Defendant further contends that the court erred in permitting the People to introduce certain Molineux evidence concerning prior acts of misconduct that he perpetrated against the victim. We likewise reject that contention. "Evidence of a defendant's prior bad acts may be admissible when it is relevant to a material issue in the case other than defendant's criminal propensity . . . Where there is a proper nonpropensity purpose, the decision whether to admit [such] evidence
. . . rests upon the trial court's discretionary balancing of probative value and unfair prejudice" (People v Dorm, 12 NY3d 16, 19 [2009]). Here, we conclude that the court properly balanced the probative value of the evidence and the prejudice arising therefrom, and thus the victim's testimony concerning the uncharged acts was properly admitted "to complete the narrative of the events charged in the indictment . . . and [to] provide[] necessary background information" (People v Workman, 56 AD3d 1155, 1156 [4th Dept 2008], lv denied 12 NY3d 789 [2009] [internal quotation marks omitted]; see People v Morris, 21 NY3d 588, 594 [2013]; People v Feliciano, 196 AD3d 1030, 1031 [4th Dept 2021], lv denied 37 NY3d 1059 [2021]) as well as to place "the charged conduct in context" (Dorm, 12 NY3d at 19; see People v Leeson, 12 NY3d 823, 827 [2009]). We note in particular that the court excluded many of the prior bad acts that the People sought to introduce (see e.g. People v Medley, 165 AD3d 1585, 1585 [4th Dept 2018]; People v Burkett, 101 AD3d 1468, 1471 [3d Dept 2012], lv denied 20 NY3d 1096 [2013]), that it admitted only prior bad acts that the victim had reported to the police before the charged incident, and that its limiting instructions "served to alleviate any potential prejudice resulting from the admission of the evidence" (People v Alke, 90 AD3d 943, 944 [2d Dept 2011], lv denied 19 NY3d 994 [2012]; see People v Freece, 46 AD3d 1428, 1429 [4th Dept 2007], lv denied 10 NY3d 811 [2008]).
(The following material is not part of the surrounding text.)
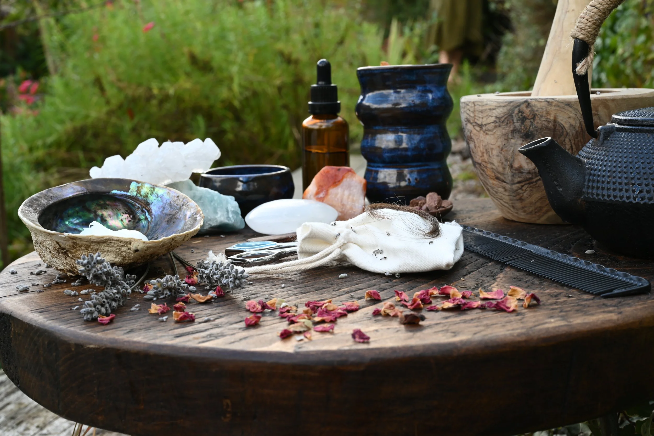 A rustic wooden table with various items, including crystals, an abalone shell, a dropper bottle, a black teapot, dried flowers, a mortar and pestle, a comb, and a cloth pouch, set against a backdrop of greenery.
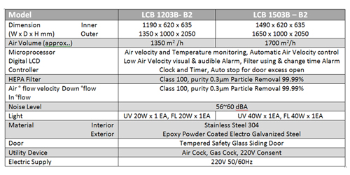 - Built-In Lamps and Utilities, UV and fluorescent lamp, air and gas cock, power consent are builted as standard

Next, viewing the evidence in light of the elements of the crimes as charged to the jury (see People v Danielson, 9 NY3d 342, 349 [2007]), we reject defendant's contention that the verdict is contrary to the weight of the evidence (see generally People v Bleakley, 69 NY2d 490, 495 [1987]).
Finally, we note that the uniform sentence and commitment form fails to indicate that defendant's conviction of burglary in the first degree was as a sexually motivated felony, and it must be amended accordingly (see generally People v Brown, 166 AD3d 1579, 1579-1580 [4th Dept 2018], lv denied 32 NY3d 1169 [2019]; People v Oberdorf, 136 AD3d 1291, 1292-1293 [4th Dept 2016], lv denied 27 NY3d 1073 [2016]).